Sunday, September 12, 2010

Stanley Kubrick's Comedy Film Dr Strangelove

By Lewis Walter

Stanley Kubrick's Dr Strangelove - How I Learned to Stop Worrying and Love the Bomb stands as one of the all time great films about war because it is so much different from any other film on the subject. It has much more in common with the work of the Marx Brothers than it does with Saving Private Ryan or The Dirty Dozen. The black humor of the film is exactly why it was considered controversial upon release, and how it manages to be so sincere and honest on the subject of nuclear war.

The film is very funny because when you think about it, the very notion of war is absurd. Not to discredit the courage of those who have gone to defend their countries, the film focuses on the business of war, the administrative end, where politicians will send men to die for the sake of their own egos. In fact the notion of the bomb as phallic symbol is made literal with the iconic image of the film: Major Kong riding a nuclear bomb down to Earth while whirling a cowboy hat over his head.

The movie has an important statement to make, yet it never comes across as preachy. It's a sincerely, honestly funny film. The jokes are amusing on a base level of simply being good humor, but they also draw attention to the stupidity of nuclear war.

Interestingly, when Kubrick dealt with similar material some years later with Full Metal Jacket, the humor wasn't quite so overt. It would seem that, by the mid eighties, Kubrick had realized that you don't need to add Marx Brothers style jokes to make war funny, that the absurdity of armed conflict is ridiculous enough with or without any overt humor. Still, Full Metal Jacket stands as an incredibly funny movie, even if it feels much darker in tone (yet ironically, isn't quite as dark in terms of story content).

At the heart of the film would be Peter Sellers in multiple roles. These days, one star in multiple roles is usually a sign of a bad comedy, where the producers thought that a weak script could be saved with enough money to just hire one star and put him in a dozen different sizes of fat suit. Sellers was simply a master of creating characters and was allowed to create several for the film.

The centerpiece of these would have to be Doctor Strangelove himself. Strangelove is portrayed as a former Nazi, whose limp right hand will sometimes snap into a Nazi salute. It is through Strangelove that the link between nuclear armament and sexual dysfunction is made most clear and direct. When the bombs start to fall, his sexual thrill is made nearly tangible.

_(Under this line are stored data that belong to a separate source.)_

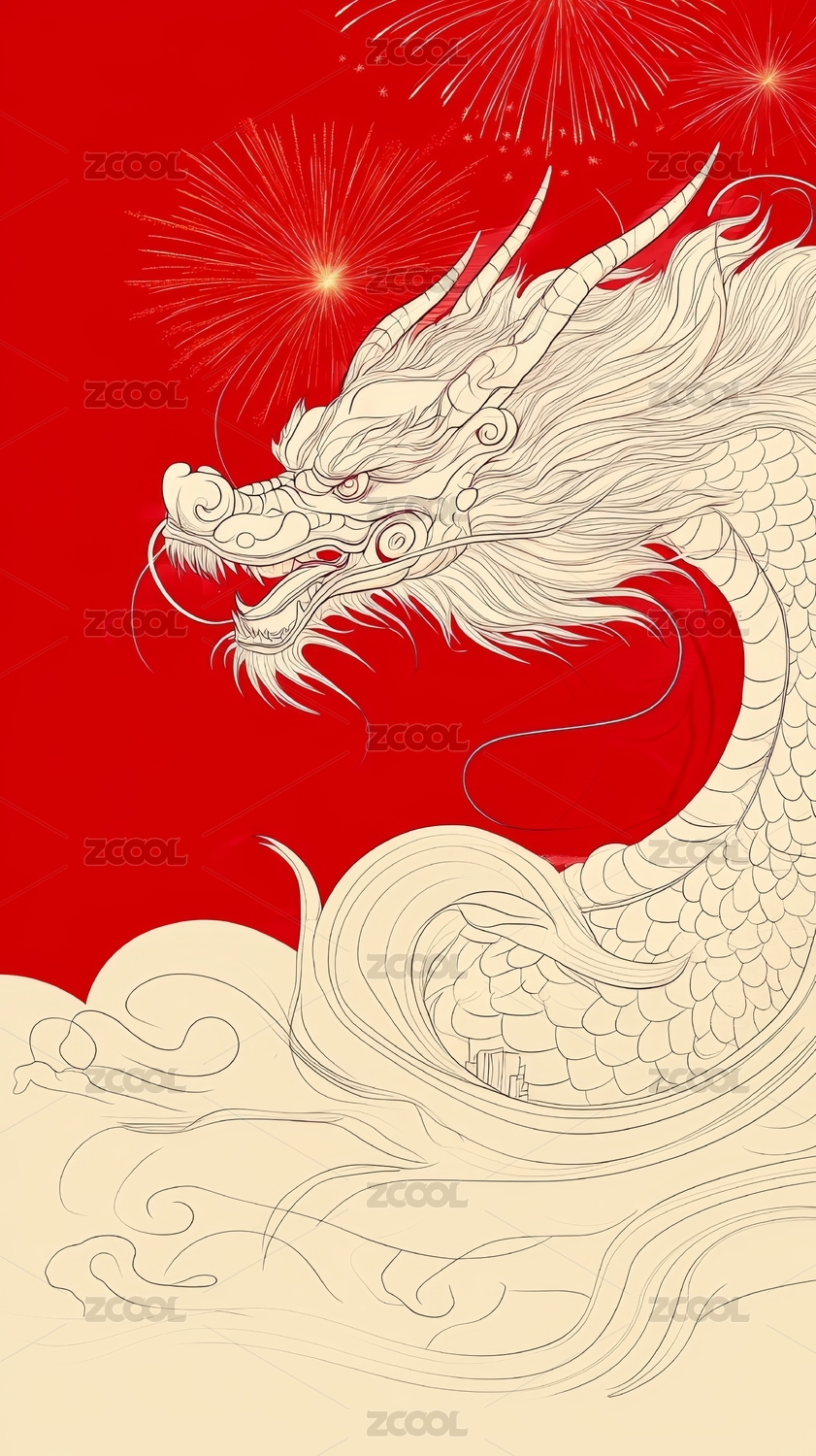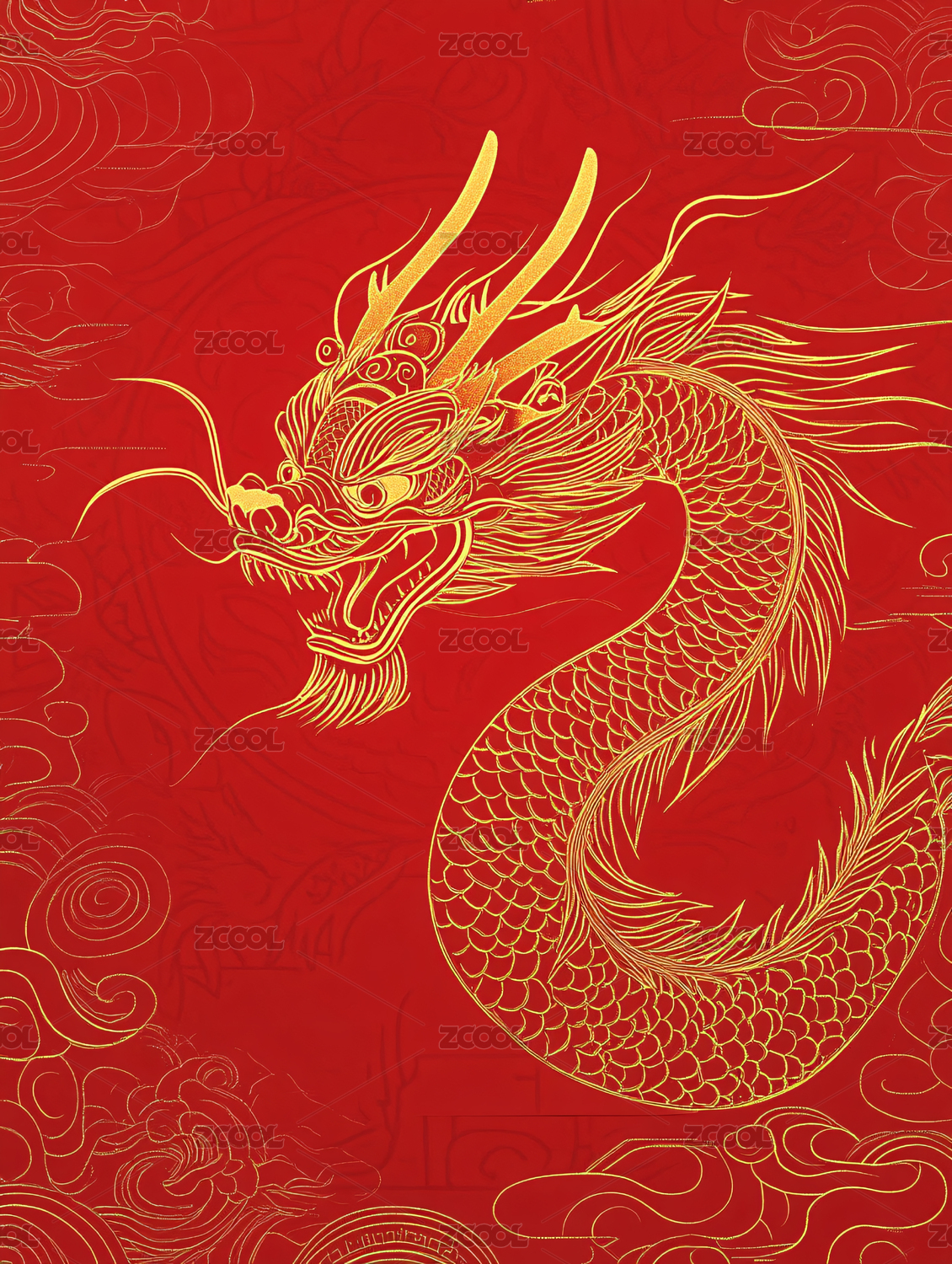 抽象,龙,龙年,生肖,烫金,东方,龙纹,插画,传统,春节
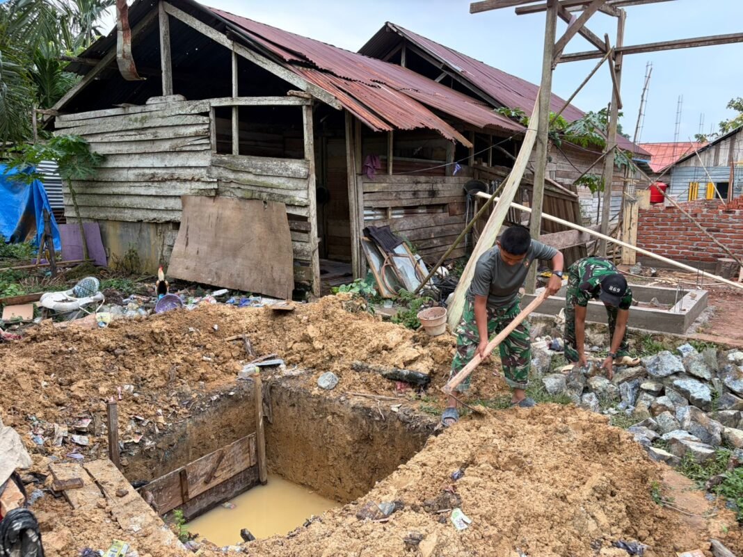 Amolame, Rabu (29/4/2026) — Dalam program TMMD ke-128 oleh Kodim 1430/Konawe Utara, pembangunan fasilitas Mandi, Cuci, Kakus (MCK) telah resmi dimulai. Rangkaian aktivitas diawali dengan penggalian tanah yang dilakukan oleh personel Satgas TMMD dan masyarakat Desa Amolame untuk MCK milik Bapak Hasruddin.
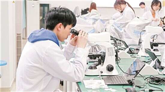 ■广东科贸职业技术学院学生在动物科技学院显微互动实训室上课。
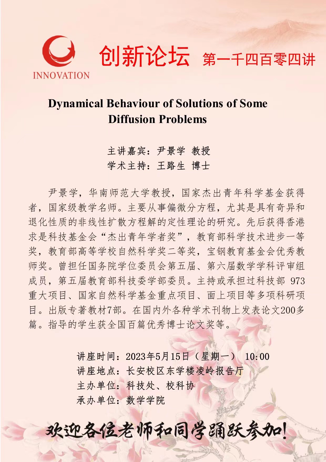 尹景学 教授 广发体育创新论坛第一千四百零四讲:Dynamical Behaviour of Solutions of Some Diffusion Problems 讲座时间 2023年5月15日(星期一) 10:00 讲座地点 长安校区东学楼凌岭报告厅 讲座人介绍 尹景学 教授 讲座内容
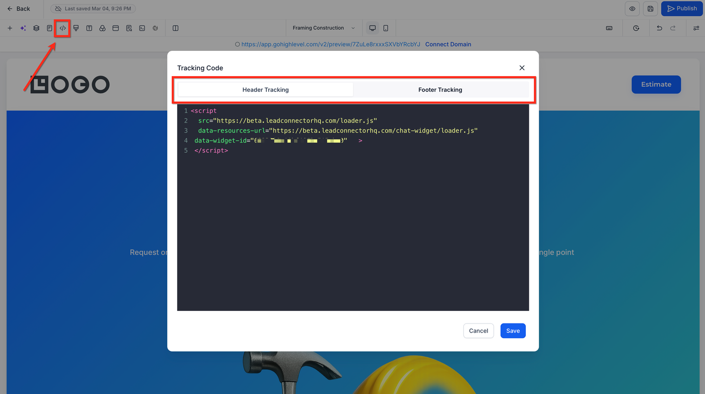 <script>-TagFüge den Code in den Bereich Tracking Code im Header oder Footer deiner Website oder deines Funnels ein
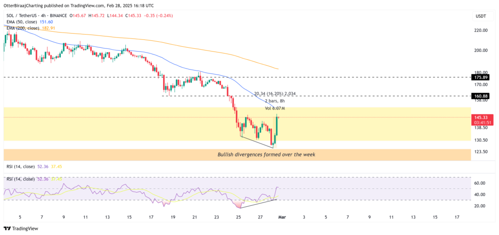 از تاریخ ۲۴ فوریه (۶ اسفند)، سولانا یک سری کف پایینتر (Lower Low) را تا رسیدن به کمترین قیمت سالانهاش در ۱۲۵ دلار در روز جمعه شکل داد. در طول این دوره، واگرایی مثبت واضحی بین قیمت و شاخص قدرت نسبی (RSI) مشاهده شد.
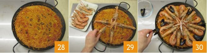 Une fois le temps de cuisson écoulé, le riz doit être sec et partiellement collé au fond de la poêle 28. À ce stade, éteignez le feu et disposez les crustacés sur la surface 29, puis ajoutez également les moules avec les coquilles que vous aviez réservées 30. Votre magnifique paella de marisco est prête à être servie !
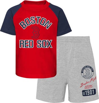 Keep your kiddo's love for the Boston Red Sox strong by grabbing them this Ground Out Baller set. It includes a T-shirt with roomy raglan sleeves and shorts that adjust to their perfect size. Best of all, the distinct Boston Red Sox graphics on both pieces make for a spirited outfit.
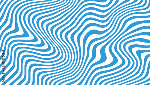 Abstract blue and white wavy stripes create a mesmerizing and dynamic optical illusion pattern
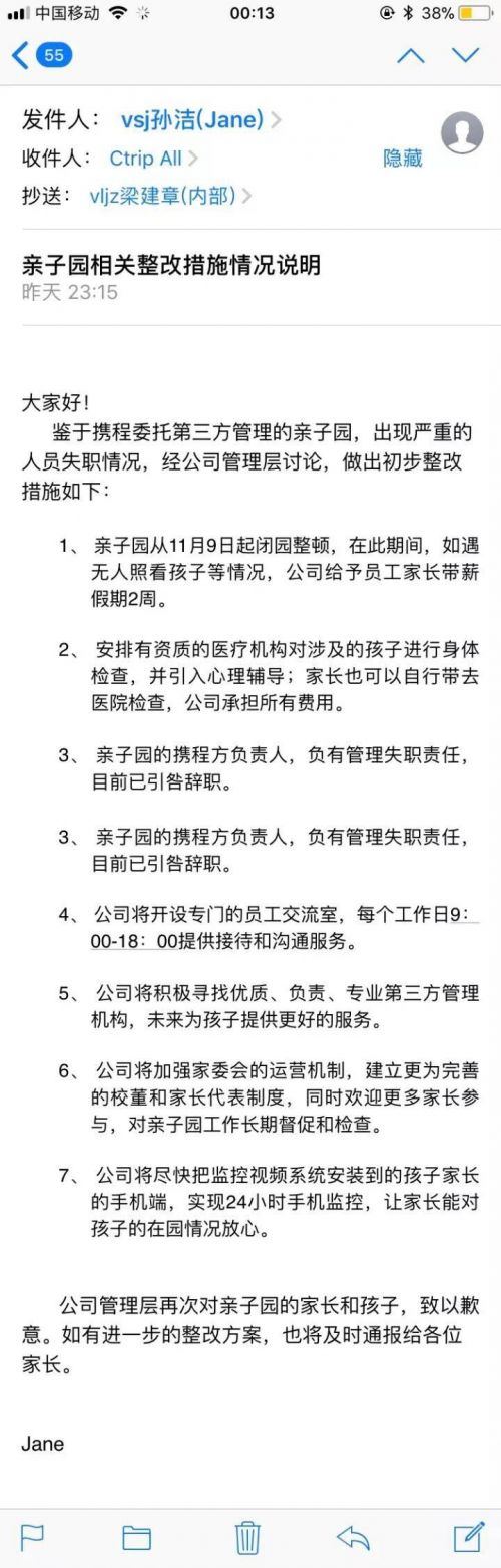3、 亲子园的携程方负责人,负有管理失职责任,目前已引咎辞职。

George C. Scott turns in an incredible performance as General Buck Turgidson. The character is much wilder, more manic than anything Scott has done. He's usually seen as this master of gruff understatement, saying more with a growly whisper than most actors say with a big speech. Kubrick actually had to trick him into going so over the top by promising that these would be "practice takes" where he could take the scene farther than it needed to go to get the kinks out! Similarly, Slim Pickens was tricked into playing it straight as Major Kong by being told it was a dramatic war film.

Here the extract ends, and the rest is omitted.